The sons of Polish immigrants, Sam, William and Hyman Belzberg have invested the proceeds of their real estate and oil and gas investments in a complex tangle of public and private firms said to be worth some $8 billion. U.S. holdings include Manhattan-based First City Capital, a subsidiary of Vancouver's First City Financial (assets: $2.9 billion); Far West Financial, a large California savings and loan; Connecticut-based Scovill, an industrial firm that makes Yale locks and other consumer products; and substantial stakes in about 20 other major U.S. firms.
THE BRONFMANS. As the undisputed kings of the North American liquor business following America's Prohibition era, the Bronfmans were among the pioneers of cross-border investment. Their main company, Seagram (1985 sales: $2.9 billion), is now the world's largest distillery. Chief Executive Edgar Bronfman Sr. shuttles regularly between the firm's Montreal headquarters and the New York offices of its U.S. subsidiary.
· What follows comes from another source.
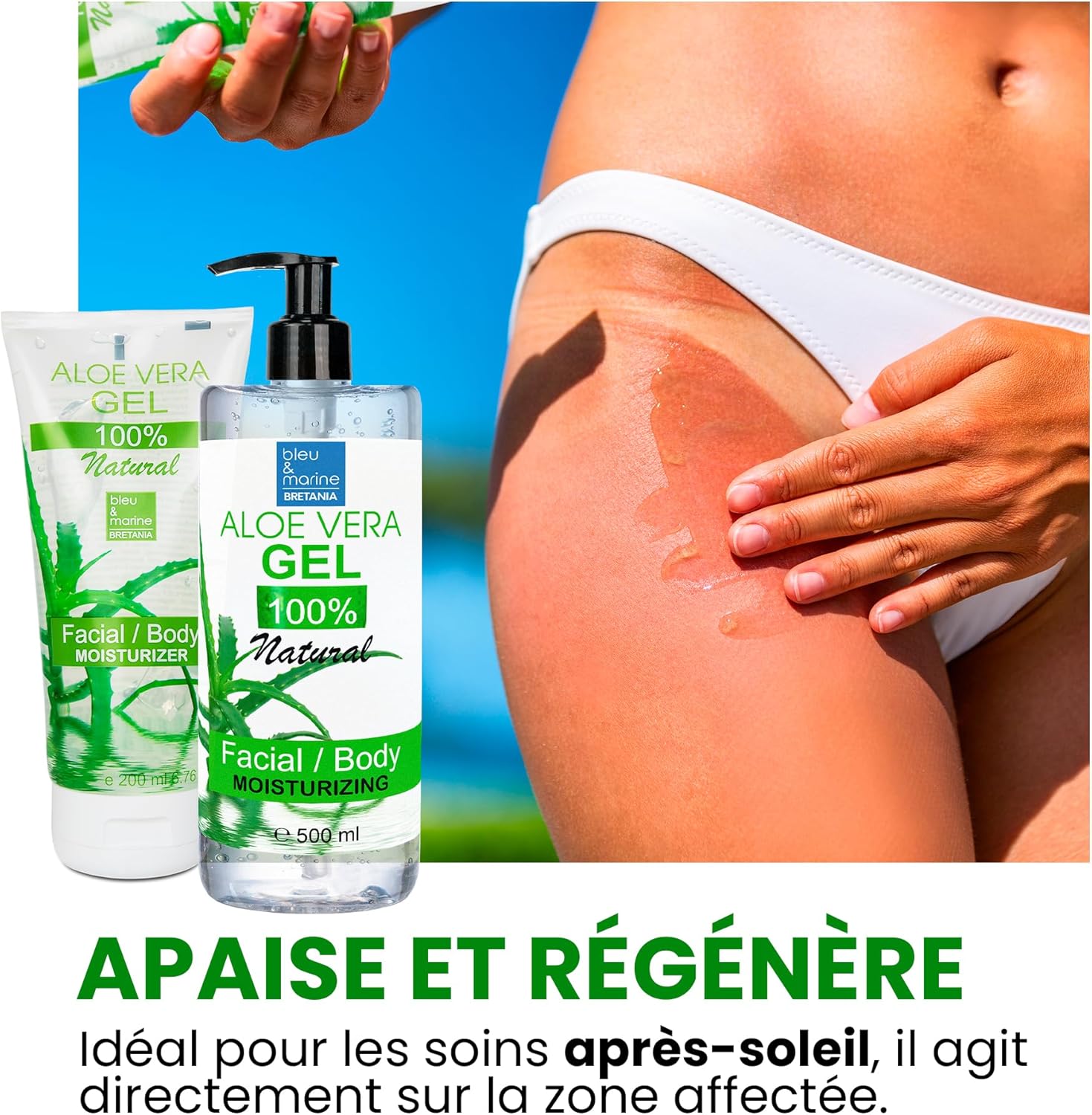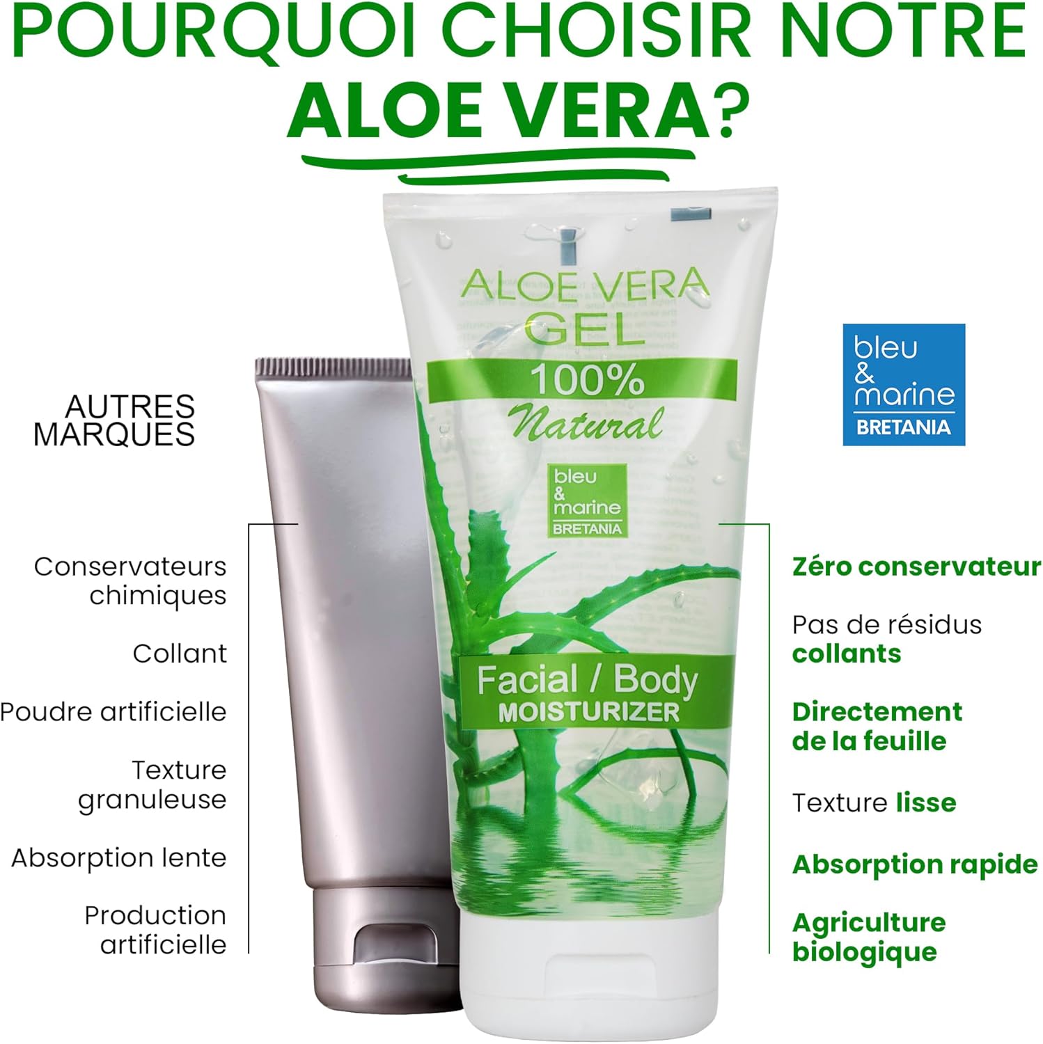 Discover deep hydration with Bretania Blue & Navy Aloe Vera Gel. Perfect for everyday use, it revitalizes and softens dry and damaged skin. A real treasure of nature for your skin!

An American citizen since 1959, Bronfman has engineered Seagram's purchase of 22.5% of the outstanding shares of Du Pont, the huge oil-and-chemicals company (1985 sales: $29.5 billion). Seagram now owns more of that firm's stock than the Du Pont family does. Says Bronfman: "It's the size of the U.S. market that lures Canadian investors here."
Edgar's first cousins, Edward and Peter Bronfman, known in Canada as the "poor Bronfmans," have not changed their citizenship, but they have invested in the U.S. By selling half their Seagram stock during the 1960s, Edward and Peter multiplied their assets into controlling interests in more than 100 companies with an estimated total value of more than $30 billion. In the U.S., those holdings include the Maryland-based Rouse Co. (1985 revenues: $247 million) and California's Ernest Hahn real estate.
In the wake of the impressive successes that Canada's richest families have scored in the U.S., growing numbers of smaller investors are expected to look southward as well. Last week the U.S. Government encouraged that trend by sponsoring three "Invest in the U.S.A." seminars in Canada, at which lawyers and accountants dispensed tips on how to get started in business in the U.S. Twenty-five states participated, hoping to lure Canadian investment. In a new version of the old wintertime travel advertisements for Florida aimed at shivering Northerners, the U.S. is telling Canada, "Come on down!" More and more Canadians are accepting the invitation, with pleasure.